Cuando Silvia tenía alguna reunión familiar, invariablemente convocaba a Helena, quien disfrutaba como niña con doce nietos prestados colgando del ruedo. Juntas preparaban algo especial para el almuerzo, se esmeraban en el postre y, mientras hijas y nueras lavaban la vajilla, las abuelas se lanzaban a la competencia para llenar la mesa a la hora del té con buñuelos, masas, y toda suerte de exquisiteces que eran una forma de mimo para los pequeños.

Organizaban juegos y excursiones, les contaban cuentos fantásticos que en su mayoría inventaban; tenían un repertorio inagotable y una imaginación sorprendente. Poseían una capacidad de atracción casi mágica. Para los niños era absolutamente natural e indistinto el trato; ambas ostentaban el título de abuela sin discriminación alguna.

No existía parentesco alguno; pero era tan estrecha la amistad, que todos creían sin reparos en que las ancianas eran realmente hermanas. Ellas mismas se habían acostumbrado tanto al trato que recibían, que se sentían legítimamente hermanas.

Helena y Silvia se conocieron durante el primer año que asistieron a la escuela. Antes del primer mes decidieron sentarse juntas y fueron cómplices de travesuras, asistieron juntas a las fiestas infantiles, paseos, excursiones, y a todas las actividades en las que tuvieron oportunidad.

Cuando alguna de las dos se enfermaba, la otra permanecía a su lado y la cuidaba con todas las atenciones posibles. También estuvieron juntas cuando les tocó experimentar sus primeras incursiones en las artes del amor. Comentaban acerca de sus pretendientes y siempre tomaban decisiones en común acuerdo, los jóvenes sabían que adquirían compromiso con dos mujeres, por el hecho de pretender a una.

***

Cuando volvieron a la cocina, dispuestas a preparar el almuerzo, Helena se plantó frente a su amiga y lanzó la pregunta a boca de jarro:

—¿Vas a decirme qué es lo que te sucede o no?

Silvia bajó la cabeza, una profunda tristeza ensombreció su rostro y habló lentamente pero sin pausa.

—Tu sabes muy bien que adoro a mis hijos y que mis nietos son la luz de mis ojos. Sabes que no hay vacación que los niños no la pasen conmigo, que yo los disfruto y me empeño en atenderlos y darles todo lo que necesiten. Los hijos prefieren pasarlas en pareja, sin "estorbos".

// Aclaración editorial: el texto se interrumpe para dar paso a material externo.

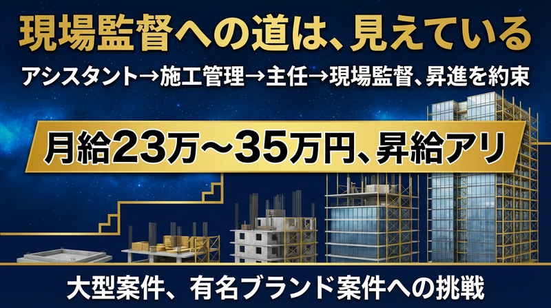 仕事内容 ✨まずは「施工管理のサポート役」からスタート!✨ ベテランの施工管理のもとで、 現場を支える“施工管理補助” として活躍していただきます。 ✅ 月給23万円~35万円◎昇給あり ✅ 土日休みの週休2日制でプライベート充実◎ ✅ 30~50代活躍中◎面倒見の良い先輩が丁寧に育成 ✅ 資格取得支援制度あり◎費用は会社負担 【具体的な仕事内容】 誰もが憧れる高級レストランや 高級ホテルのラウンジ、結婚式場、 ブランドショップ、イベント会場―― そんな“特別な一日”や“思い出に残る時間”が 過ごされる空間づくりの施工管理のアシスタントとして、 進行を支えていく仕事です。 著名デザイナーや有名ブランドの プロジェクトに携わるチャンスもあり、 まずは補助業務からスタートし、 ゆくゆくは「施工管理」への ステップアップも目指せます。 ✅主な仕事内容(施工管理補助) ・施工管理が作成した工程表・ 図面のチェック、簡単な修正サポート ・資材の数量確認や発注の補助、納品チェック ・写真撮影や、進捗状況の記録・整理 ・職人さん・協力会社との連絡調整のサポート ・現場の片付け・養生・安全掲示物の設置補助 など ※事務作業や経理は専門部署が担当する分業制のため、 「施工管理業務を支える補助業務」に集中できる環境です。 【1日の流れ】 1日の流れ(例) 08:00 現場到着・朝礼準備 施工管理と一緒に当日の工程表を確認し、 必要な資料や段取りをサポートします。 09:00 朝礼・安全確認のサポート 職人さんが集まる朝礼で、 資料配布や安全標識の準備などを行います。 10:00 資材確認・写真撮影 必要な資材が揃っているかをチェックし、 施工前・施工中の写真を撮影・整理します。 12:00 昼食休憩 近くのお店でランチを楽しんだり、 車の中でリラックスしたり。 しっかり休んで午後に備えます。 13:00 進捗確認の同行・簡単な記録 施工管理と一緒に現場を巡回し、 進捗状況をメモしたり、指示内容を まとめたりと“記録役”としてサポートします。 15:00 クライアント打ち合わせの準備 高級レストランやホテルの担当者との 打ち合わせに向けて、資料の印刷・ 図面のセットなど、準備業務を行います。 17:00 日報作成補助・翌日の準備 施工管理が作成する日報のために、 写真やメモを整理。翌日の工程表の コピーや資料準備もお任せします。 18:00 退社(現場によっては直行直帰OK) 現場からそのまま帰宅できる日もあり、 オン・オフのメリハリをつけて働けます。 【会社について】 株式会社白線社は、高級レストラン・ 高級ホテル・商業施設・イベント会場・ 結婚式場などを中心に、内装工事を手がける会社です。 細部までこだわり抜いた高品質な施工で、 多くのお客様から厚い信頼をいただき、 リピート案件やご紹介案件が多数寄せられています。 著名デザイナーが設計した施設や、 有名ブランド店舗の施工実績もあり、 業界内での評価も高まっています。 今後は関西圏だけでなく全国への 展開をさらに加速し、年間施工件数を 現在の1.5倍に増やすことを目標に成長を続けています。 この成長は、社員一人ひとりのキャリアアップや、 より大規模で魅力的なプロジェクトへの 挑戦機会にも直結します。 ✨社員インタビュー/30代男性(施工管理補助スタート) 「前職は建築関係でしたが、最初は“施工管理って難しそう…”という印象でした。 白線社ではまず施工管理補助としてスタートし、先輩の現場に同行しながら 現場の流れや図面の見方、職人さんとのやり取りなどを一つひとつ覚えていきました。 資格取得支援制度で、受験費用を会社が全額負担してくれたおかげで 無事に関連資格も取得。今では小規模現場なら施工管理として 任せてもらえるようになりました。 事務作業は専門部署がサポートしてくれる分業制なので、 現場のことに集中できるのも大きな魅力です。 年に一度の社員旅行では、普段は現場が違うメンバーとも ゆっくり話せるので、いいリフレッシュになっています!」 【キャリアパス】 ・施工管理補助(アシスタント/先輩と一緒に現場の基礎を習得) ・施工管理(小~中規模の現場を担当) ・主任(複数現場の管理・後輩の教育) ・現場責任者(大型プロジェクトの統括・クライアント対応の中心) まずは補助からスタートし、経験を積むほど、 高級ホテル・ブランドショップなど“象徴的な案件”を 一人の施工管理として任されるチャンスも広がります。

Me los endosan sistemáticamente durante los fines de semana. Me los encargan en las vacaciones. Me los traen en las noches cuando están de fiesta y yo siempre asumo el rol de abuela. No me quejo, me alegran la casa, la llenan de vida y yo termino las jornadas agotada.

"El lunes me llamó Silvia Esther, se va de viaje con el marido, cuatro días en el campo hoy me dejan a los tres chicos. Acepté, claro.

"Luego me buscó Juan Javier, tiene un seminario de domingo a domingo. La niña es muy pequeña para llevarla, a pesar de que yo ya no estoy para atención parvularia, también dije que sí.

"Luego les tocó el turno a los demás. O sea que me espera una vacación con los doce nietos nuevamente. El caso que más me preocupa es el de Dunia, ella me los entrega por todo el mes. Imagínate, son cuatro fieras.

"No me gusta lo que hice, pero creo que es menester. Les he dicho a mis hijos que me lleven los chicos a casa a las nueve. Como ves ya son las once, y no pienso regresar.

***

Helena la abrazó tiernamente, le puso un chal sobre los hombros, preparó un bolso en silencio y, con un guiño de picardía le hizo señas de salir.

Las ancianas caminaron del brazo hasta la estación, se embarcaron en el primer tren que salía y durante los tres meses siguientes nadie supo de ellas.